== The problem ==
Give again, word for word, every line below from the one that has "广东先骏新材料科技有限公司(生产)" through the one that has "ミニトマトとサバを使ったおつ", both included, and no others.

━━ Material for this task ━━

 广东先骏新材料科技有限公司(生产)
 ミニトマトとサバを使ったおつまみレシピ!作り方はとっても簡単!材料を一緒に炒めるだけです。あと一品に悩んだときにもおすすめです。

━━━
━━ Material for this task ━━

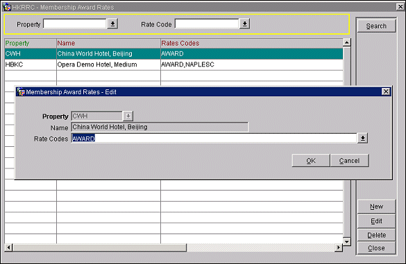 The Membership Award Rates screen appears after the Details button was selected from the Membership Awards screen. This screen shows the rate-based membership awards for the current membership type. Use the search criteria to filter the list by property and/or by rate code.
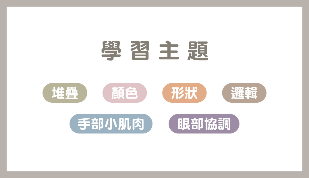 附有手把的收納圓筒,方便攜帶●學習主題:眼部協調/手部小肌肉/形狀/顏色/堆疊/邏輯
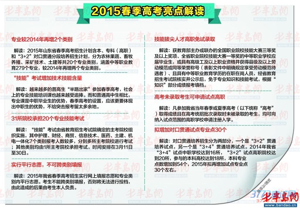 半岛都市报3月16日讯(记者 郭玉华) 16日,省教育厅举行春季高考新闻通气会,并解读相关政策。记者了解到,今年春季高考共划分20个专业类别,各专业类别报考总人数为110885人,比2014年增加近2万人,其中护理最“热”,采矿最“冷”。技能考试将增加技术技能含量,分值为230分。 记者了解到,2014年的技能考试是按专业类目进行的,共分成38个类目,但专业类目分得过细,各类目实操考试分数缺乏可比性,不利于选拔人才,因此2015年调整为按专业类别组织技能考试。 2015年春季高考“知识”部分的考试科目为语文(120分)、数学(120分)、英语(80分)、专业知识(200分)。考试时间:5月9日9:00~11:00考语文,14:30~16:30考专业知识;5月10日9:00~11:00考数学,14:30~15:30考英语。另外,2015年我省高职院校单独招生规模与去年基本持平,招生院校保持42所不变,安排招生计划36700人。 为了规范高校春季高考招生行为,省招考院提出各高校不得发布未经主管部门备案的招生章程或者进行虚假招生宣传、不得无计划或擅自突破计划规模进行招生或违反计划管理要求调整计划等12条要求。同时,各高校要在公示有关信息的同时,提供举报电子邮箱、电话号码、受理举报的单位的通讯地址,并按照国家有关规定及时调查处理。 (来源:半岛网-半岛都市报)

━━━

== Expected output ==
 广东先骏新材料科技有限公司(生产)
 ミニトマトとサバを使ったおつまみレシピ!作り方はとっても簡単!材料を一緒に炒めるだけです。あと一品に悩んだときにもおすすめです。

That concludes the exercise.